I like the variable speed of the Motor Guide, but that also seems to be its flaw. After 1 season I am already running into problems with the variable speed switch. Also, the shaft likes to slip down the collar a little bit to easily. Anyone other people have experience with this motor?

I believe the head can swing around, try and track down a manual for it its probably on their website.

@geeksterman I didn't carpet the wood because I think the stained and varnished wood absolutely looks amazing, why cover it up!


----------



## Muleskinner (Dec 16, 2010)

Looks killer!

That grill setup is going to be my next project now =D>


----------



## Muleskinner (Dec 16, 2010)

RBuffordTJ said:


> The grill is awesome! I am actually working on a small setup that will drop in like that to perk coffee while on the lake. Had a freezing week (in the 30s the whole time) fishin' with my cousin and we would have killed for a hot cup of coffee while out there. I'll post it when I get it done. I am also going to work on a grill set up now...can't help myself!


I hear you on the coffee
https://www.12volt-travel.com/12-volt-coffee-makers-c-92.html


----------



## 12_Tinner (Dec 16, 2010)

yankyfan100 said:


> I like the variable speed of the Motor Guide, but that also seems to be its flaw. After 1 season I am already running into problems with the variable speed switch. Also, the shaft likes to slip down the collar a little bit to easily. Anyone other people have experience with this motor?
> 
> I believe the head can swing around, try and track down a manual for it its probably on their website.
> 
> @geeksterman I didn't carpet the wood because I think the stained and varnished wood absolutely looks amazing, why cover it up!

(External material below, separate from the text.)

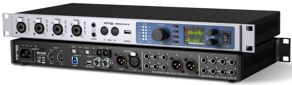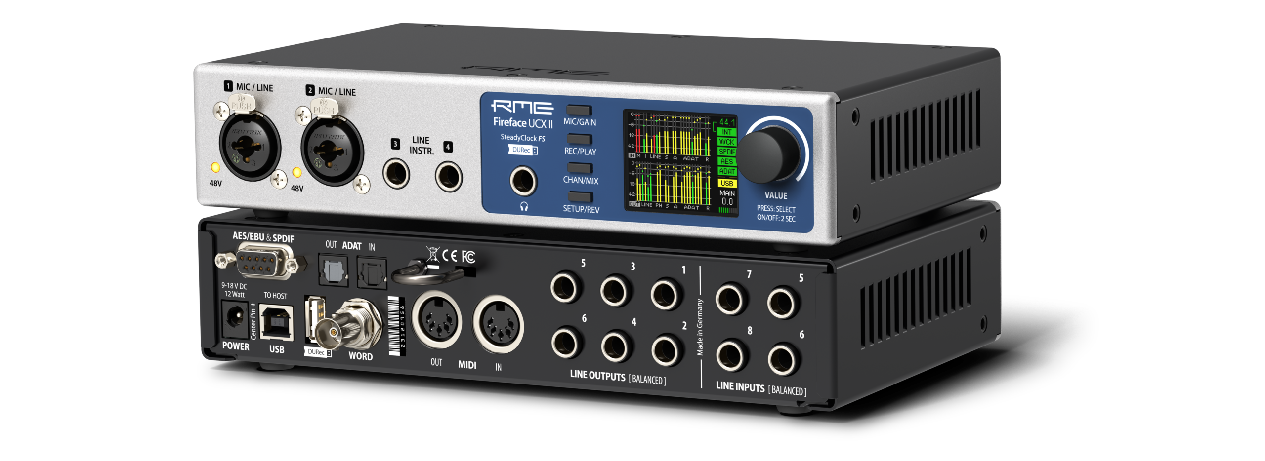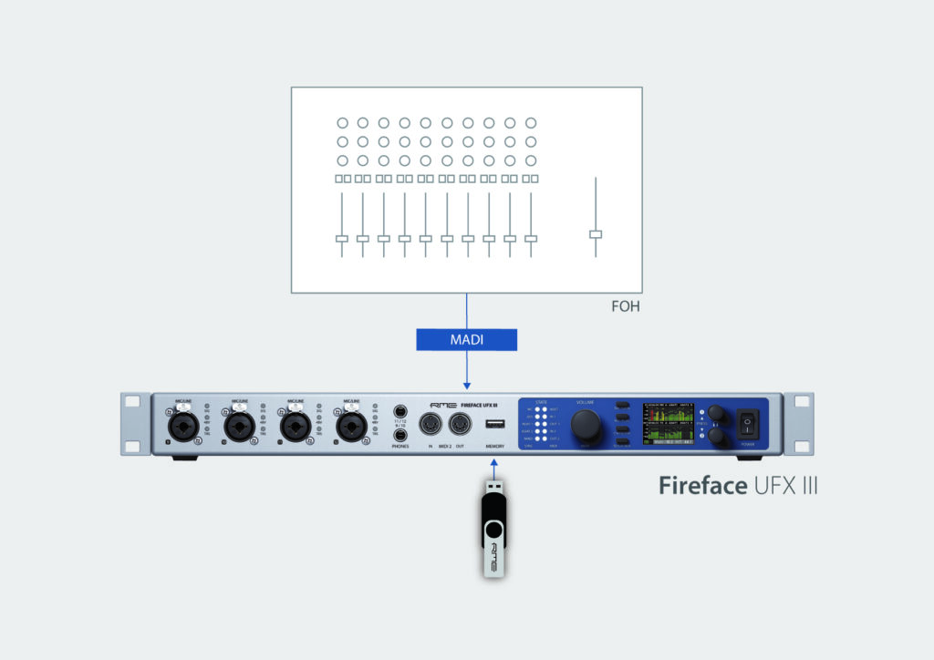 DURec(デュレック)はDirect USB Recordingの略で、Fireface UFXシリーズやFireface UCX IIなどのRMEオーディオ・インターフェイスを業務用のUSBレコーダー/プレイヤーに変貌させる画期的な機能です。この機能の登場により内部DSPにより動作する、RMEオーディオ・インターフェースは、コンピューターを必要としない独立したデジタル・レコーダーとして、ライブ録音、バックアップ録音、リハーサルの確認録音を可能にします。これによって高価なマルチチャンネル・レコーダーを別途用意する必要がなくなります。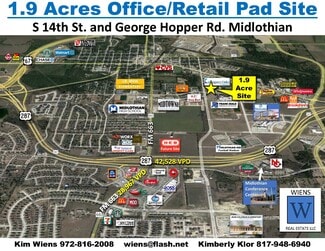 1.9 acre on the NEC S 14th St. & George Hopper Rd. In the heart of Midlothian business and educational district. Great location for retail/office/ medical.

I read a Q/A on BPS web site and somebody said it does spin around. I might go for the 45lb thrust but would rather the 55lb


----------



## Outdoorsman (Dec 16, 2010)

Good idea .... no doubt save a bunch of money over this....

https://www.westmarine.com/webapp/wcs/stores/servlet/ProductDisplay?productId=16863&catalogId=10001&langId=-1&storeId=11151&storeNum=10124&subdeptNum=11371&classNum=11405

I got a used one like in the link at a rummage sale for $40.00...works great.... just have to get used to using propane instead og charcol....

Outdoorsman


----------



## Huntndogs (Dec 18, 2010)

I'll bet everyone on that lake wanted a cheeseburger after smelling those cooking on your grill. Great idea, Now all you need is a beer tap (or soda machine)... =D>


----------



## lbursell (Dec 18, 2010)

Huntndogs said:


> I'll bet everyone on that lake wanted a cheeseburger after smelling those cooking on your grill. Great idea, Now all you need is a beer tap (or soda machine)... =D>


and a freezer for making ice cream in the summer ! :idea:


----------



## lckstckn2smknbrls (Dec 18, 2010)

I've have my grandparents coffee pot from when we went camping 45 years ago and a coleman 502 single burner stove from 1971.


----------



## Arkdave (Dec 25, 2010)

12_Tinner said:


> Nice boat and work. How do you like that Motor Guide, Is it true that the head or bottom can swing around so it could be mounted on the front of the boat on a trandsom like piece of wood?
> 
> Thanks for sharing your work with us!



I have never had trouble with my Motor Guide, Sure you can swing the head around, Just remove the top of the Cont, housing, There is like 3/8 bolt in there goes through the Shaft, Self locking nut on it, Remove that, Turn the head around and put your bolt back, You also have to remove the Cont. handle, Be careful to put it back like it was!! Very easy job, just watch what you are doing, Works out good!! :wink:


----------